#### [Brief]
Whenever a picture appears in the records, exclude it, and transcribe everything else exactly.

#### [Material for this task]
----
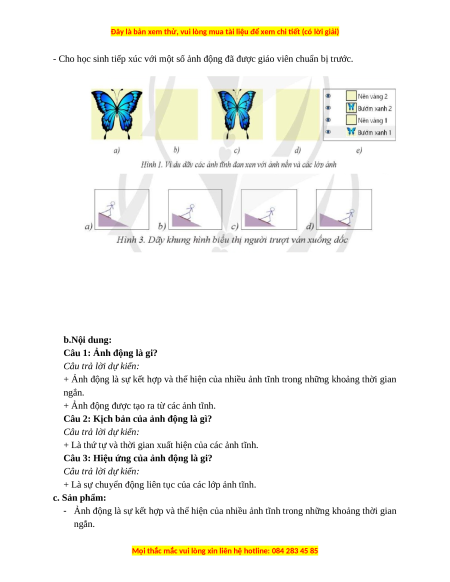 - Cho học sinh tiếp xúc với một số ảnh động đã được giáo viên chuẩn bị trước. b.Nội dung: Câu 1: Ảnh động là gi?
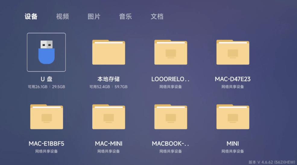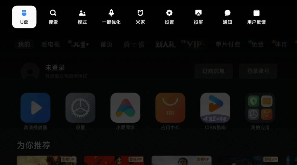 如果未弹出,可在电视首页最顶部,按“上”键,找到U盘。
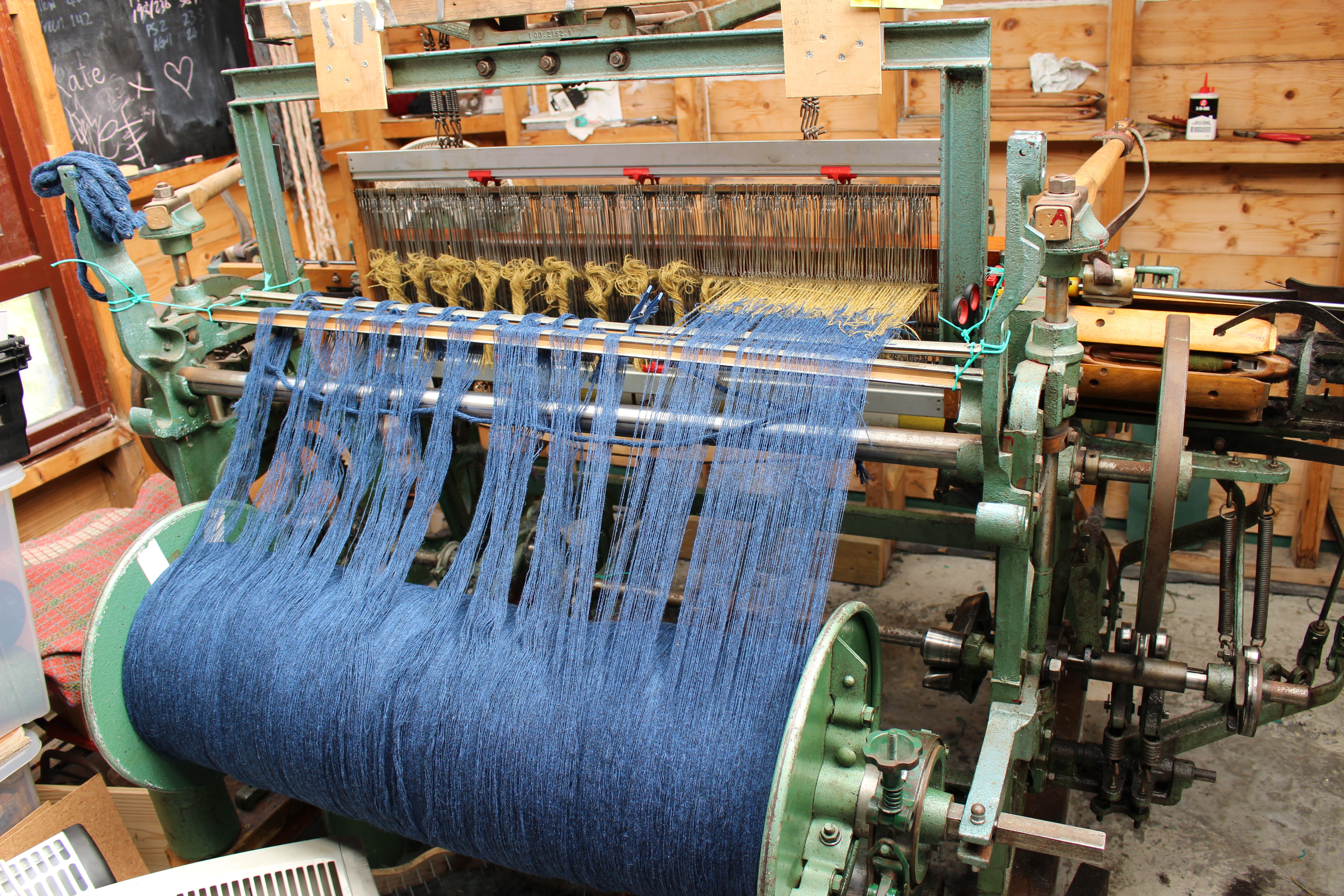 The business side of a Mk2 Hattersley loom, mid weaving. Blink and you’d miss the shuttle being whacked across from side to side!
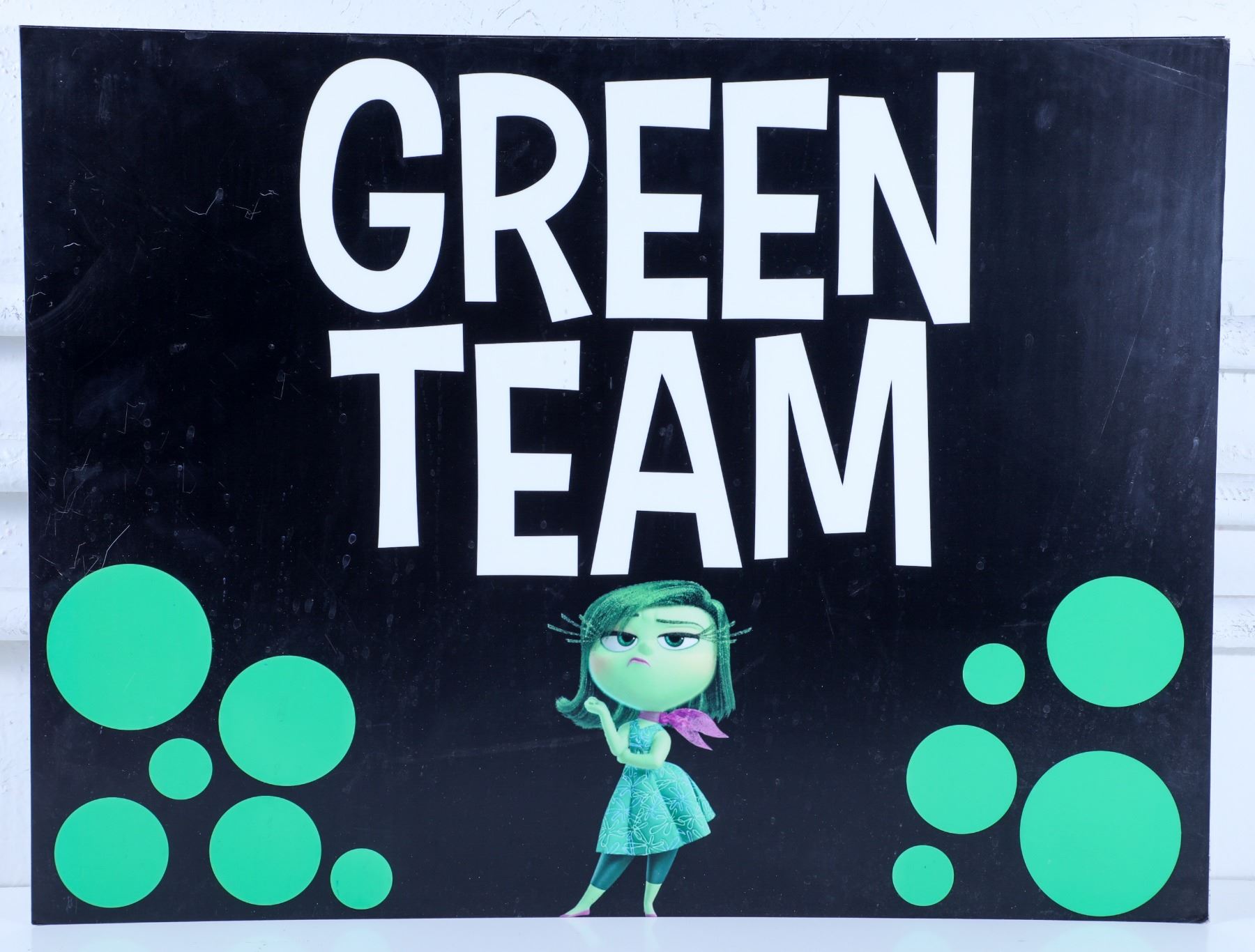(Disneyland, c. 2015). A Disneyland parked used sign for the cast member canoe race. The sign is for the Green Team and has the character Disgust from the Disney Pixar film "Inside Out." The sign is in good condition with normal wear from age and park use. Measures 24" x 18". Item comes with a Grand Circle Tour Auctions COA.
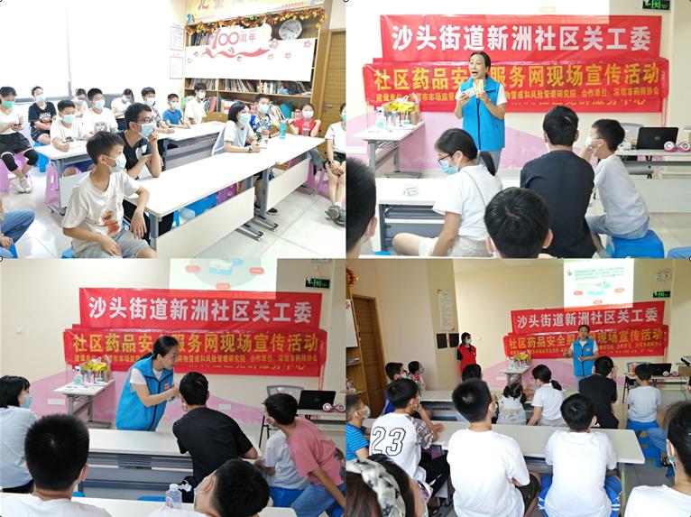 落实深圳“社区药品安全服务网建设工程”,强化辖区居民药品安全意识。7月14日上午,新洲社区开展药品安全服务网宣传活动。在宣传活动中,来自深圳药师协会的吴老师用生活中常见、常用的药品现场示范,用通俗易懂的语言讲解了什么是药品、药品的作用、如何区分处方药与非处方药、感冒药使用注意事项、口服药与外用药的使用注意事项等,内容贴近民生,实用性强,活动尾声老师还为在场居民解答了关于药品相关知识问题。
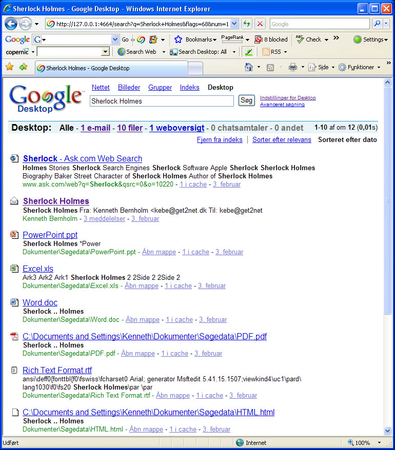 Har du først én gang brugt 30 minutter på at lede efter det dokument eller den mail, som man helt 100 procent ved findes et sted på pc'en, så er du moden til at installere en lokal søgemaskine.
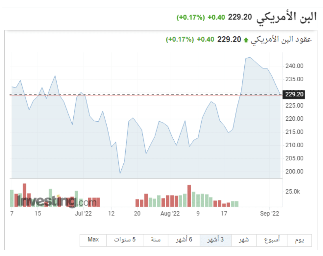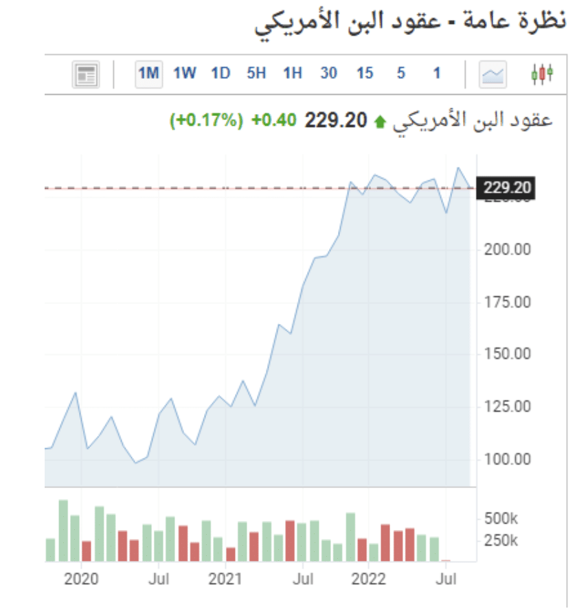 ويعرض الرسم البياني الثالث، حفاظ أسعار البن على ارتفاعها على الرغم من تذبذبها لتغلق البورصة أبوابها في آخر تاريخ يعرضه الرسم “6 سبتمبر 2022” بسعر 229.20 سنتًا للرطل الواحد.
----
#### [Exercise result]
 - Cho học sinh tiếp xúc với một số ảnh động đã được giáo viên chuẩn bị trước. b.Nội dung: Câu 1: Ảnh động là gi?
 如果未弹出,可在电视首页最顶部,按“上”键,找到U盘。
 The business side of a Mk2 Hattersley loom, mid weaving. Blink and you’d miss the shuttle being whacked across from side to side!
(Disneyland, c. 2015). A Disneyland parked used sign for the cast member canoe race. The sign is for the Green Team and has the character Disgust from the Disney Pixar film "Inside Out." The sign is in good condition with normal wear from age and park use. Measures 24" x 18". Item comes with a Grand Circle Tour Auctions COA.
 落实深圳“社区药品安全服务网建设工程”,强化辖区居民药品安全意识。7月14日上午,新洲社区开展药品安全服务网宣传活动。在宣传活动中,来自深圳药师协会的吴老师用生活中常见、常用的药品现场示范,用通俗易懂的语言讲解了什么是药品、药品的作用、如何区分处方药与非处方药、感冒药使用注意事项、口服药与外用药的使用注意事项等,内容贴近民生,实用性强,活动尾声老师还为在场居民解答了关于药品相关知识问题。
 Har du først én gang brugt 30 minutter på at lede efter det dokument eller den mail, som man helt 100 procent ved findes et sted på pc'en, så er du moden til at installere en lokal søgemaskine.
 ويعرض الرسم البياني الثالث، حفاظ أسعار البن على ارتفاعها على الرغم من تذبذبها لتغلق البورصة أبوابها في آخر تاريخ يعرضه الرسم “6 سبتمبر 2022” بسعر 229.20 سنتًا للرطل الواحد.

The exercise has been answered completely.